Given the number of audio channels provided, each channel will be transcribed separately and the channel id assigned to the speaker label. The final output will be a combination of all individual channel outputs. Overlapping monologues will have ordering broken by the order in which the first spoken element of each monologue occurs. If speaker_channels_count is greater than the actual channels in the audio, the job will fail with invalid_media.

Note:

  • The amount charged will be the duration of the file multiplied by the number of channels specified.
  • When using speaker_channels_count each channel will be diarized as one speaker, and the value of skip_diarization will be ignored if provided
custom_vocabulary_id
string or null

This feature is in beta. You can supply the id of a pre-completed custom vocabulary that you submitted through the Custom Vocabularies API instead of uploading the list of phrases using the custom_vocabularies parameter. Using custom_vocabulary_id or custom_vocabularies with the same list of phrases yields the same transcription result, but custom_vocabulary_id enables your submission to finish processing faster by 6 seconds on average.

You cannot use both custom_vocabulary_id and custom_vocabularies at the same time, and doing so will result in a 400 response.

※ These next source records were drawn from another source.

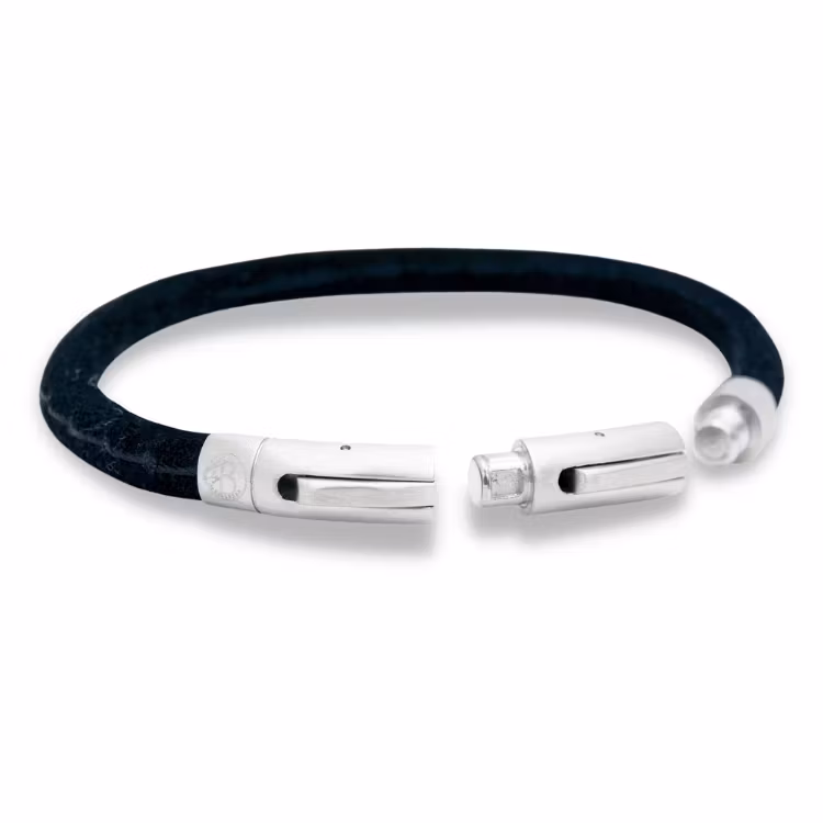 Since the bracelet is made of leather, we recommend avoiding contact with water. Take always off your bracelet when bathing or showering. Also, make it a habit to put on the leather bracelet after applying products like bodylotion, and sunscreen for example. This will help prolong the lifespan of your jewellery.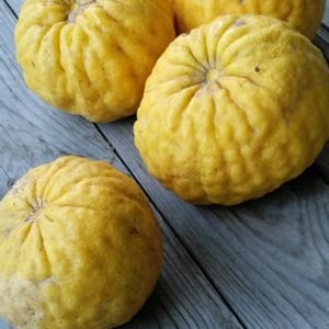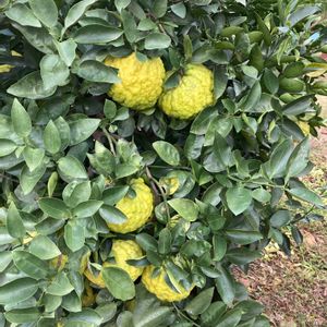 『獅子ゆず(鬼ゆず)』 巨大な柚子? と思ってしまいました。 見事な大きさです‼️ ゆずと比較した写真が撮れないのが残念です💦😅 …奈良 法華寺にて 獅子柚子(ししゆず)は中国が原産、奈良時代に日本に伝わったそうです。 《獅子や鬼は邪悪のものを排除するため、縁起物とも言われており、お店に飾ったりされることもあります。 見た目が獅子の顔のような形、 また鬼の顔のような形からそのように呼ばれています。 ゆずの仲間ではなく、 ブンタンの仲間になりますので、香りはゆずのような強い香りはありません。 観賞用として利用される場合も多く、 生食用には向きませんが、ピール、砂糖漬け、マーマレードなどに使われています。 また、実が大きいことから、実入りが大きい→千客万来の縁起物としても重宝されています。』 ★観音山フルーツガーデンHPより ★ 法華寺由来 奈良時代、聖武天皇が創建した総国分寺の東大寺に対し 、光明皇后により父・藤原不比等の邸宅跡に総国分尼寺として創建された… …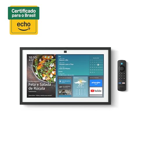 CONHEÇA O ECHO SHOW 15 - Um incrível smart display Full HD (1080p) de 15,6'' perfeito para sua cozinha, sempre pronto para te mostrar ainda mais. Use widgets personalizáveis para gerenciar suas tarefas e veja suas séries preferidas com a experiência Fire TV com som vibrante e potente. Faça chamadas de vídeo de alta qualidade com outros dispositivos Echo com 3x mais zoom e um campo de visão mais amplo.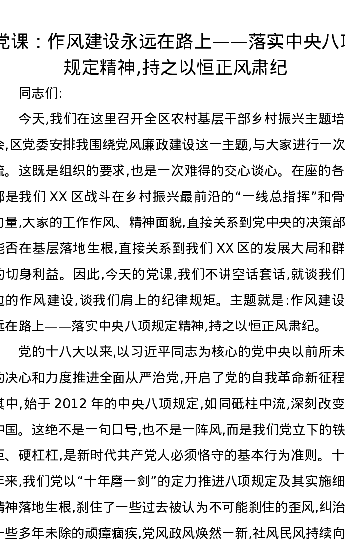 党课讲稿:作风建设永远在路上——落实中央八项规定精神,持之以恒正风肃纪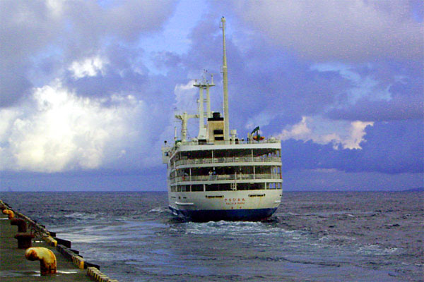 今日は仕事が終わってから、浜松町の竹芝桟橋へ。今日からカミさんと御蔵島に旅行するのである。東京の離島は近い順に「大島」「利島」「新島」「式根島」「神津島」「三宅島」「御蔵島」「八丈島」「青ヶ島」「父島」「母島」とあるが、その「御蔵島」が目的地である。御蔵島へは毎日船が出ており、深夜に東京を出発、早朝に三宅島、御蔵島に到着、船はそのまま八丈島まで行き、戻って昼過ぎに御蔵島、三宅島、深夜に東京という繰り返しをしている。なおフェリーではないため、車を持って行くことはできないが、車で移動するほどの島でもない。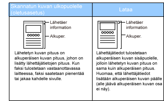 kohteen nimi) lisätään automaattisesti jokaisen lähetetyn faksisivun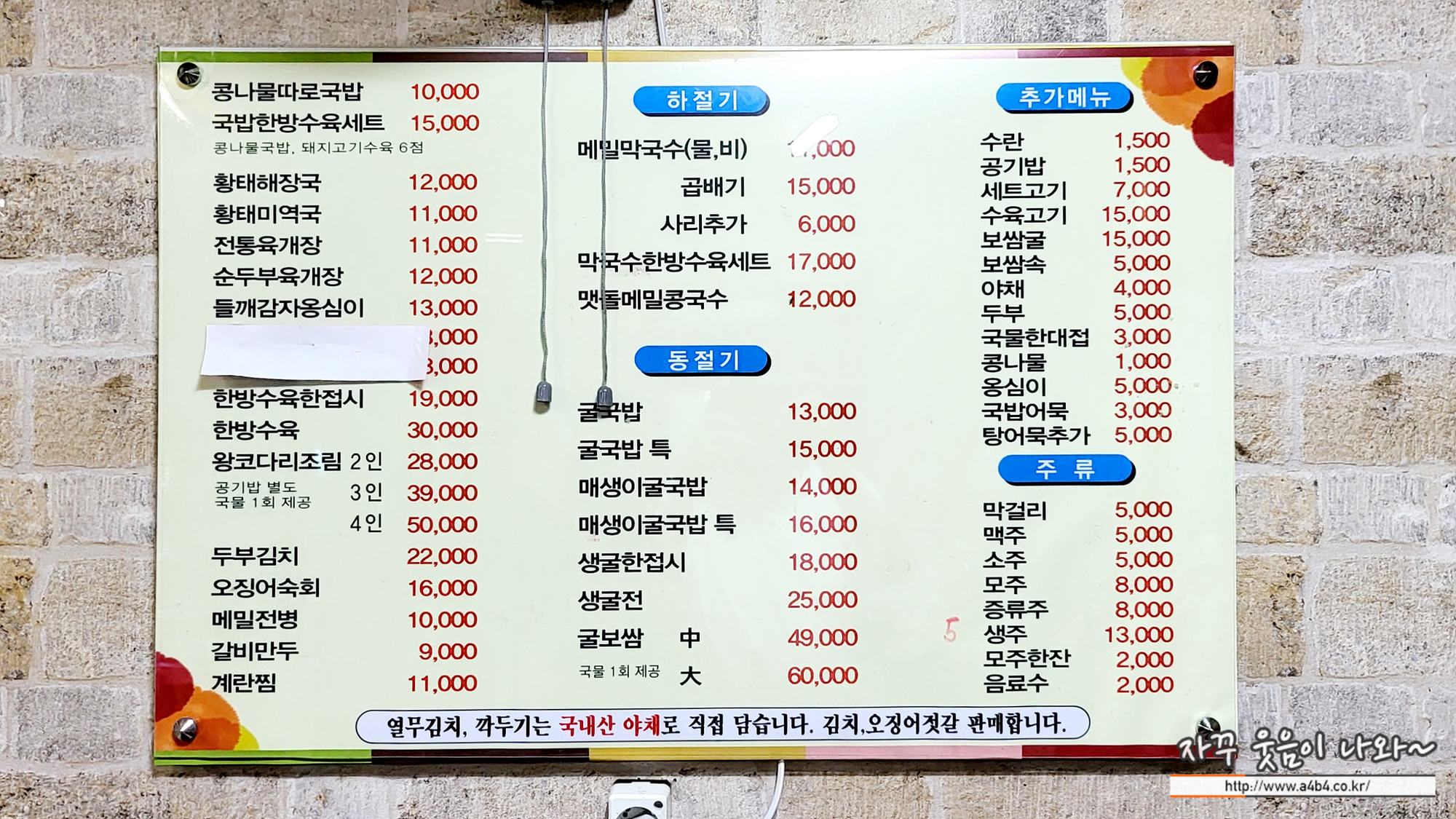 콩나물국밥과 막국수, 수육이 메인인 시강이고요. 이외에메뉴는 해장국이나 술안주 메뉴로 구성되어 있습니다. 아침 7시부터 아침손님 대상으로 영업하는 곳이네요.

If the supplied id represents an incomplete, deleted, or non-existent custom vocabulary then you will receive a 404 response.

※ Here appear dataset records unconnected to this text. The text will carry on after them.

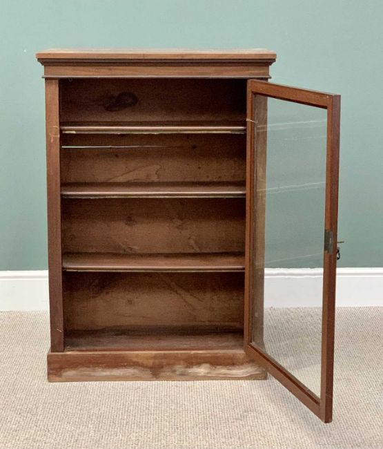 GLAZED SINGLE DOOR VICTORIAN MAHOGANY SIDE CABINET with interior shelves, 109cms H, 76cms W, 31cms D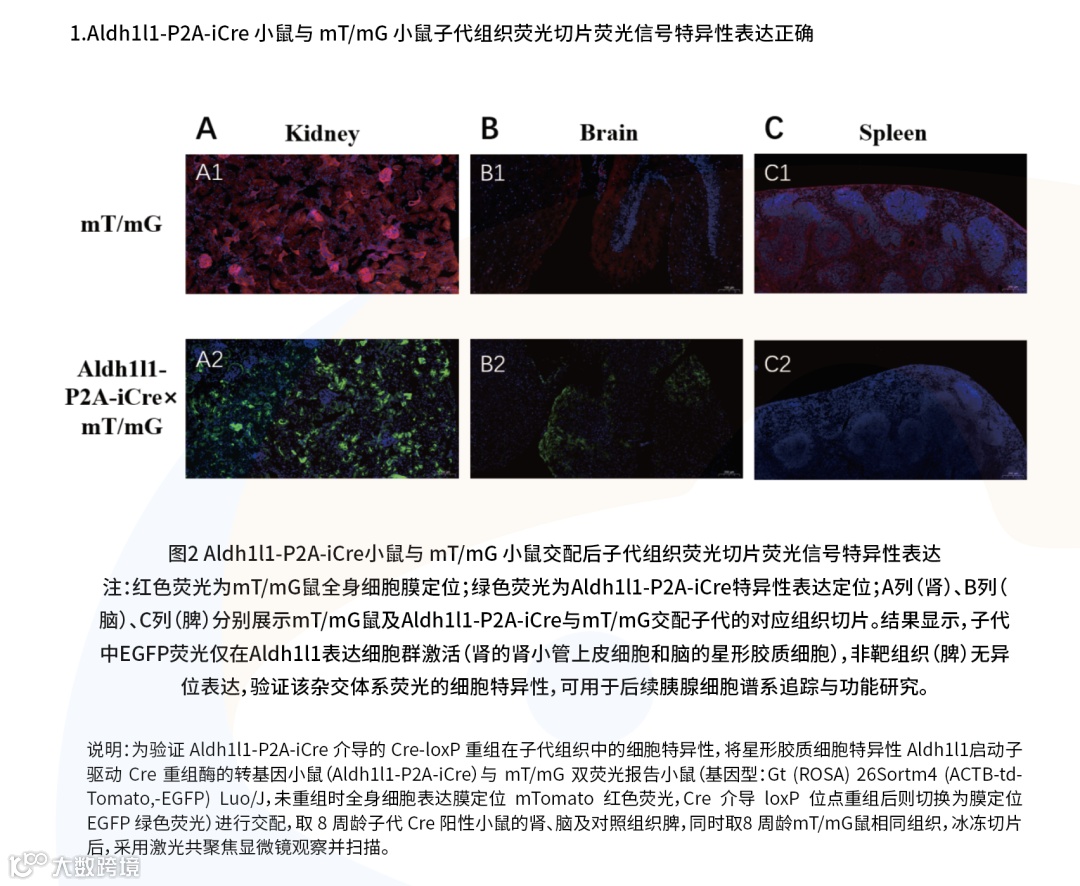P2A 自切割肽可介导 Aldh1l1 与 iCre 蛋白高效分离(切割效率超 90%),确保两者均保持天然活性,避免融合蛋白导致的功能损伤。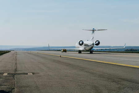 Rostov-on-Don, Platov Airport / Russia - 04 October 2019: A small passenger plane follows the escort vehicle after landing at Platov airport during the official spotting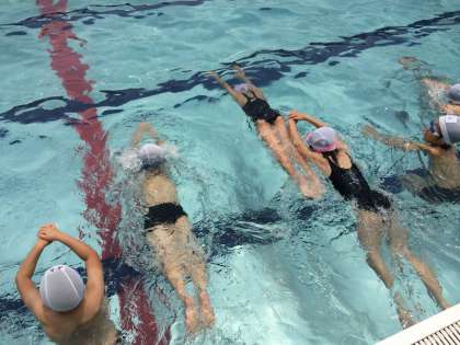 その後、水中ジャンプやけのびなどの練習を行いました。

Array of objects [ 1 .. 50 ] items

Specify a collection of custom vocabulary to be used for this job. Custom vocabulary informs and biases the speech recognition to find those phrases (at the cost of slightly slower transcription).

language
string or null
Default: "en"

language is provided as a ISO 639-1 language code, with the exception of Mandarin (cmn) which is supplied as an ISO 639-3 language code.

Only 1 language can be selected per audio, i.e. no multiple languages in one transcription job. Additionally, the following parameters may not be used with non-English languages: skip_punctuation, remove_disfluencies, filter_profanity, speaker_channels_count, custom_vocabulary_id.

You can provide a language parameter for transcribing audio in one of the following languages:

Language Language Code HIPAA Support EU Global Deployment Support
Arabic ar x
Bulgarian bg
Catalan ca
Croatian hr
Czech cs
Danish da x
Dutch nl x
English en x x
Farsi fa x
Finnish fi
French fr x
German de x
Greek el
Hebrew he x
Hindi hi x
Hungarian hu
Indonesian id x
Italian it x
Japanese ja x
Korean ko x
Lithuanian lt
Latvian lv
Malay ms x
Mandarin cmn x
Norwegian no
Polish pl
Portuguese pt x
Romanian ro
Russian ru x
Slovak sk
Slovenian sl
Spanish es x
Swedish sv
Tamil ta x
Telugu te x
Turkish tr x
Responses
200

Transcription Job Details

400

Bad Request

401

Request Unauthorized

403

Request Forbidden

413

Payload Too Large


Only returned when job is submitted using a local file as part of multipart/form-data. Submit a job with the source_config parameter for files larger than 2GBs

post/jobs
Request samples
{
  • "metadata": "example metadata",
  • "notification_config": {},
  • "source_config": {},
  • "transcriber": "machine",
  • "skip_diarization": false,
  • "skip_punctuation": false,
  • "skip_postprocessing": false,
  • "remove_disfluencies": false,
  • "filter_profanity": false,
  • "speaker_channel_count": 1,
  • "delete_after_seconds": 2592000,
  • "custom_vocabulary_id": null,
  • "language": "en"
}
Response samples
application/json
{
  • "id": "Umx5c6F7pH7r",
  • "status": "in_progress",
  • "language": "en",
  • "created_on": "2018-05-05T23:23:22.29Z",
  • "transcriber": "machine"
}

Transcripts

Get Transcript By Id

Returns the transcript for a completed transcription job. Transcript can be returned as either JSON or plaintext format. Transcript output format can be specified in the Accept header. Returns JSON by default.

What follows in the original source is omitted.